3.2. Patient Characteristics by PPSV23-Serotype CAP and Non-PPSV23-Serotype CAP Patients
Table 2 depicts patient demographics, social history, and medical history, stratified by PPSV23-serotype CAP and non-PPSV23-serotype CAP patients. The median age for patients with PPSV23-serotype CAP was significantly lower (62 vs. 66; p-value = 0.006). A larger percentage of PPSV23-serotype CAP patients were current or former smokers (77% vs. 70%; p-value = 0.009) and had a history of non-cirrhotic liver disease (10% vs. 7%; p-value = 0.022). The PPSV23-serotype CAP patients had significantly lower rates of heart failure (24% vs. 30%; p-value = 0.032), coronary artery disease (22% vs. 30%; p-value = 0.002), hyperlipidemia (37% vs. 43%; p-value = 0.038) and atrial fibrillation (14% vs. 20%; p-value = 0.014). Severity of disease, as measured by PSI risk class IV–V and CURB-65, was not statistically different between PPSV23-serotype CAP and non-PPSV23-serotype CAP patients. However, PPSV23-serotype CAP patients were directly admitted to the ICU at a higher rate (22% vs. 16%; p-value = 0.005).
Table 2.
Patient demographics, social and medical history between PPSV23-serotype CAP and non-PPSV23-serotype CAP patients.
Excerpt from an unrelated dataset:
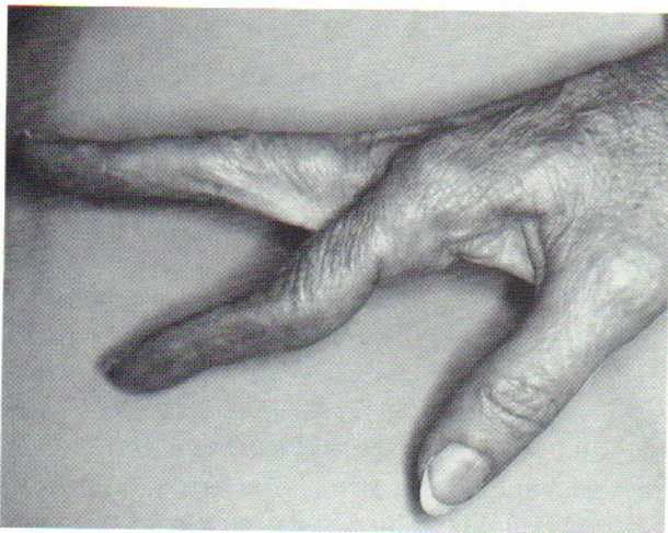
Figure 2. Preoperative extensor lag at the metacarpophalangeal joint.

| Variable | PPSV23 Serotype CAP (n = 336) |
Non-PPSV23 Serotype CAP (n = 3350) |
p-Value |
|---|---|---|---|
| Age, median (IQR) | 62 (55, 72) | 66 (55, 77) | 0.006 |
| Male sex, n (%) | 156 (46) | 1606 (48) | 0.637 |
| Black or African American race, n (%) | 60 (18) | 676 (20) | 0.345 |
| Nursing home resident, n (%) | 23 (7) | 292 (9) | 0.286 |
| Current or former smoker, n (%) | 260 (77) | 2360 (70) | 0.009 |
| Obesity (BMI > 30), n (%) | 121 (36) | 1284 (38) | 0.431 |
| COPD, n (%) | 180 (54) | 1612 (48) | 0.064 |
| Diabetes, n (%) | 95 (28) | 1101 (33) | 0.098 |
| Renal disease, n (%) | 79 (24) | 906 (27) | 0.183 |
| Heart failure, n (%) | 80 (24) | 990 (30) | 0.032 |
| Coronary artery disease, n (%) | 74 (22) | 1016 (30) | 0.002 |
| Cerebrovascular disease, n (%) | 33 (10) | 418 (12) | 0.184 |
| Neoplastic disease (active or within past year), n (%) | 38 (11) | 447 (13) | 0.334 |
| Liver disease (non-cirrhotic), n (%) | 35 (10) | 230 (7) | 0.022 |
| Cirrhosis, n (%) | 9 (3) | 48 (1) | 0.125 |
| Essential arterial hypertension, n (%) | 219 (65) | 2297 (69) | 0.226 |
| Hyperlipidemia, n (%) | 125 (37) | 1449 (43) | 0.038 |
| Prior myocardial infarction, n (%) | 36 (11) | 449 (13) | 0.192 |
| Atrial fibrillation, n (%) | 47 (14) | 660 (20) | 0.014 |
| HIV, n (%) | 10 (3) | 50 (1) | 0.068 |
| Direct ICU admission, n (%) | 75 (22) | 539 (16) | 0.005 |
| PSI risk class IV–V, n (%) | 189 (56) | 1868 (56) | 0.909 |
| CURB-65 score 4 or 5, n (%) | 26 (8) | 325 (10) | 0.284 |
Abbreviations: PPSV23: 23-valent pneumococcal polysaccharide vaccine, IQR: Interquartile range, COPD: Chronic obstructive pulmonary disease, HIV: Human immunodeficiency virus, ICU: Intensive care unit, PSI: Pneumonia Severity Index.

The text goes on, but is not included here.